▶ _EXERCISE DIRECTIONS_: Your output should be everything below from the line containing "นอกจากนี้ ยังมีการคัดกรองภาวะเครียดหลังเหตุการณ์รุนแรง (PTSD)" down to the line containing "- Amortyzator: Wykonanie", both ends included, copied exactly, with pictures left out.

▶ _DATA EXTRACT_:
____________________
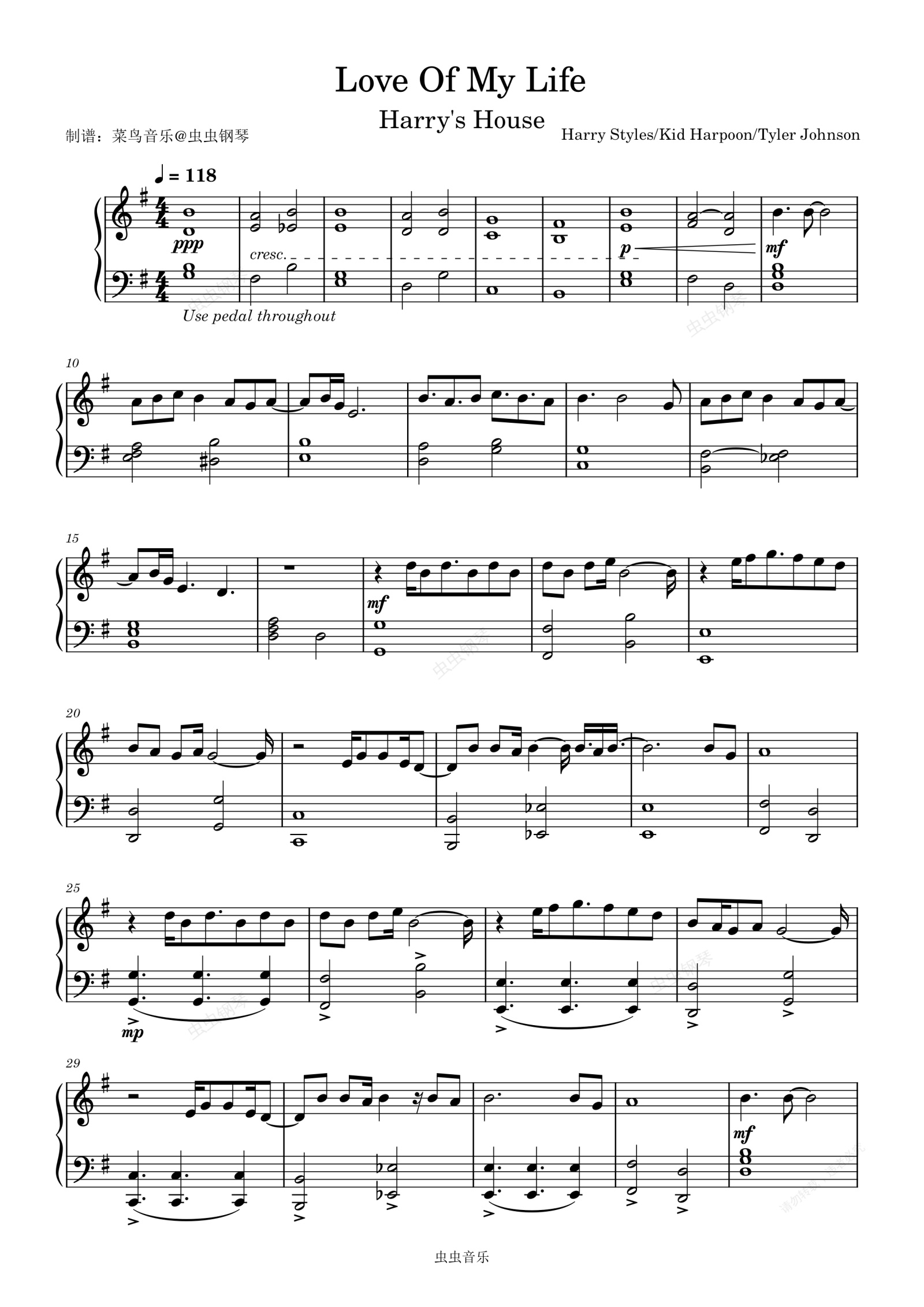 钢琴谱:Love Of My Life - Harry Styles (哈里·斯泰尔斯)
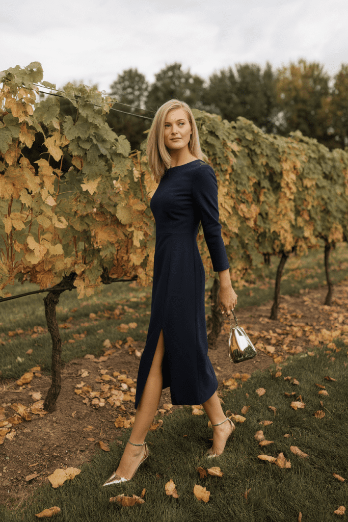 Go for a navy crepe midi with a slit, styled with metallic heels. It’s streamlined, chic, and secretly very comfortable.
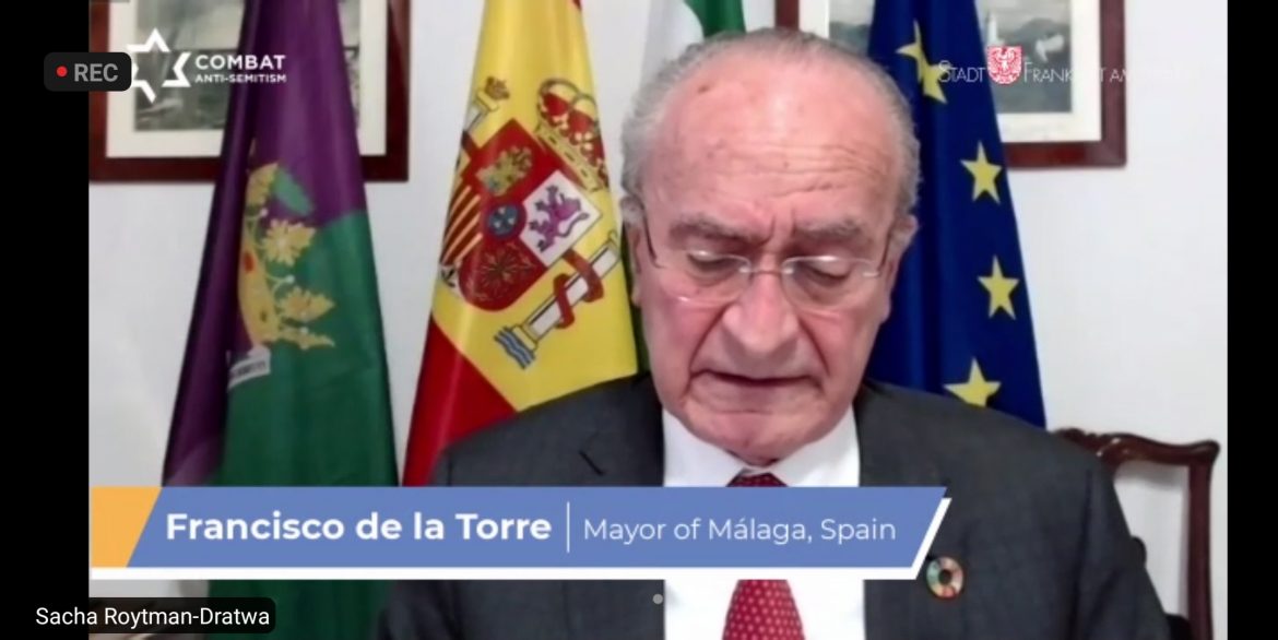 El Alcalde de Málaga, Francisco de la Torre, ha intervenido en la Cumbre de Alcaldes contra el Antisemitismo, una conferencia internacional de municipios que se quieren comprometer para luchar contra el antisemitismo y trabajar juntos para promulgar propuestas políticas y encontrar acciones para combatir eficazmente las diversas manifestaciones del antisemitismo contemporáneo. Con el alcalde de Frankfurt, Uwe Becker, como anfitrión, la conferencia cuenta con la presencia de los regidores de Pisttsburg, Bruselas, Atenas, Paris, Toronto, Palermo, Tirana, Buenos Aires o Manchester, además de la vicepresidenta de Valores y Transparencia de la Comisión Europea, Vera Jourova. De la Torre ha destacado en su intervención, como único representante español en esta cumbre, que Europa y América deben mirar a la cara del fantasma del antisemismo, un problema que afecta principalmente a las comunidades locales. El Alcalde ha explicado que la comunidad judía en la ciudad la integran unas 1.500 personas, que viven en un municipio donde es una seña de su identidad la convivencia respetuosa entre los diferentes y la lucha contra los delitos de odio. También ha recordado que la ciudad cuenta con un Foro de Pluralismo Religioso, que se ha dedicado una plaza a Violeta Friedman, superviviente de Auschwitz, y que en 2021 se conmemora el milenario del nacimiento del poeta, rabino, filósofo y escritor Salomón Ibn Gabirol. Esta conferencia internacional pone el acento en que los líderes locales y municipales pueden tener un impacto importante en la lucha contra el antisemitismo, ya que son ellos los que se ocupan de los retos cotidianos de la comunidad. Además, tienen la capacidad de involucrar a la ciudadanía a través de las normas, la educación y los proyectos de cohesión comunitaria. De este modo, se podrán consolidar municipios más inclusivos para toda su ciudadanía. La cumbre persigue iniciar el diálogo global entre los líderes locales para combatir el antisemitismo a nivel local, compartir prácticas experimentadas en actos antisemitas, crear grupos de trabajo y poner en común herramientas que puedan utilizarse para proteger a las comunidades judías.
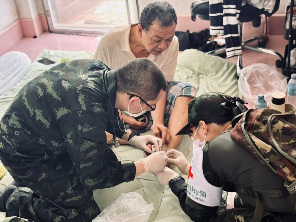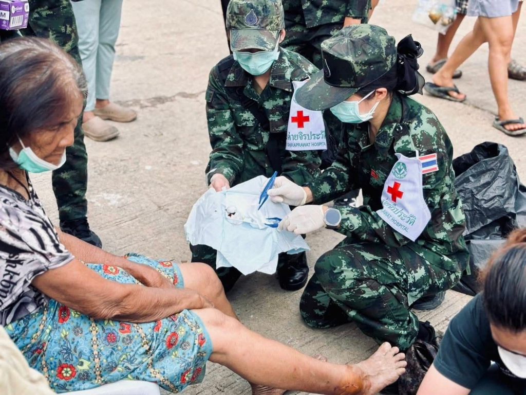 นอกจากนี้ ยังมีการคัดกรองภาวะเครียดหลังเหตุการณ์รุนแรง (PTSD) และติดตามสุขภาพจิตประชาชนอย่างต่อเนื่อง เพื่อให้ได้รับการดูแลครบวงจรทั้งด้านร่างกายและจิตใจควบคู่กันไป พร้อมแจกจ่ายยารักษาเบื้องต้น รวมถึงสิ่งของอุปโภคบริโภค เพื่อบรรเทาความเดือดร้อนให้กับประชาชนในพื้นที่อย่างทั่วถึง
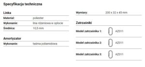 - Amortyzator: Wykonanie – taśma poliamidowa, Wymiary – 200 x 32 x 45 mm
____________________
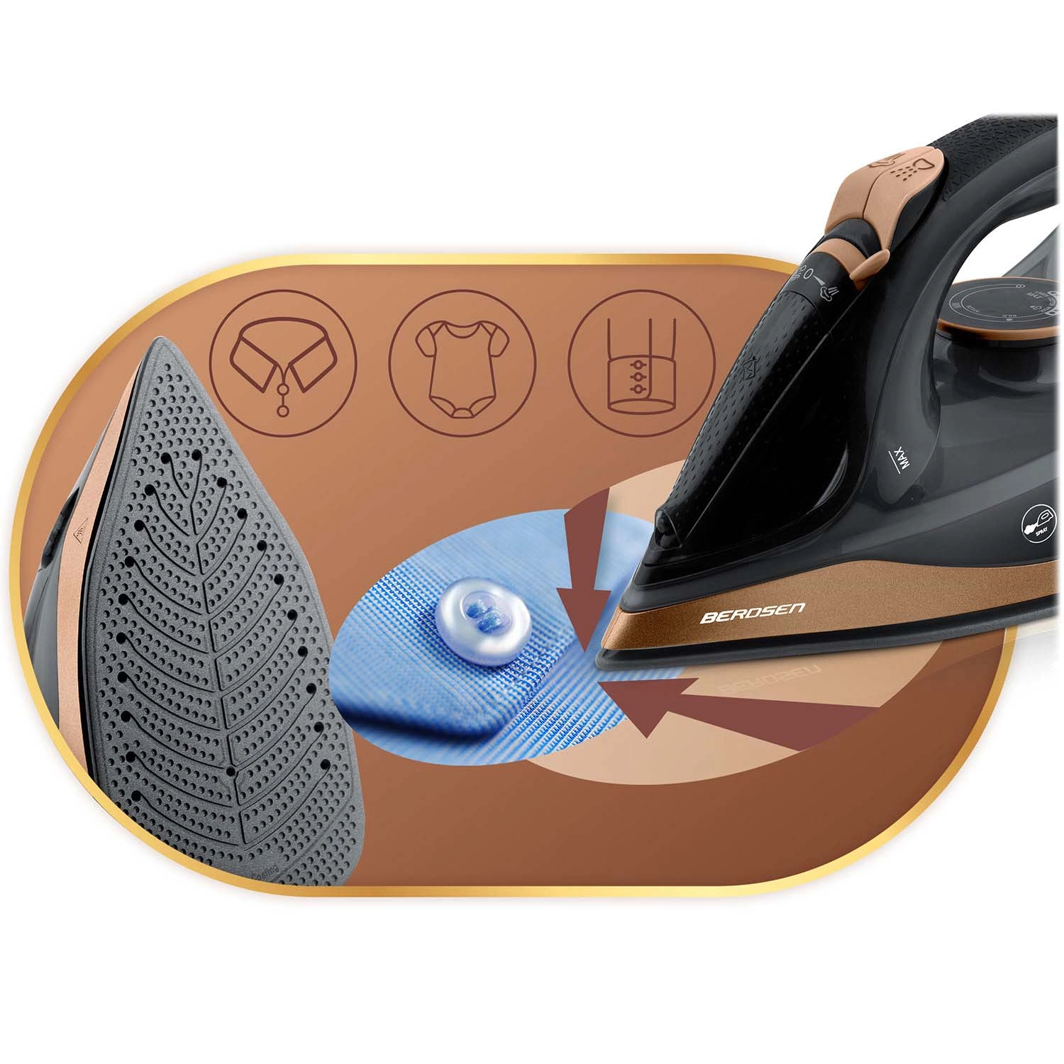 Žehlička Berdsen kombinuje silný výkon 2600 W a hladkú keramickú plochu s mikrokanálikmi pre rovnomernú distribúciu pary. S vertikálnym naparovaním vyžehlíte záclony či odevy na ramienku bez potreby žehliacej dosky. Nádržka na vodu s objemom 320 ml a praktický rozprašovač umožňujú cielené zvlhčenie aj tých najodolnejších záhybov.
____________________
▶ _RESPONSE BELOW_:
 นอกจากนี้ ยังมีการคัดกรองภาวะเครียดหลังเหตุการณ์รุนแรง (PTSD) และติดตามสุขภาพจิตประชาชนอย่างต่อเนื่อง เพื่อให้ได้รับการดูแลครบวงจรทั้งด้านร่างกายและจิตใจควบคู่กันไป พร้อมแจกจ่ายยารักษาเบื้องต้น รวมถึงสิ่งของอุปโภคบริโภค เพื่อบรรเทาความเดือดร้อนให้กับประชาชนในพื้นที่อย่างทั่วถึง
 - Amortyzator: Wykonanie – taśma poliamidowa, Wymiary – 200 x 32 x 45 mm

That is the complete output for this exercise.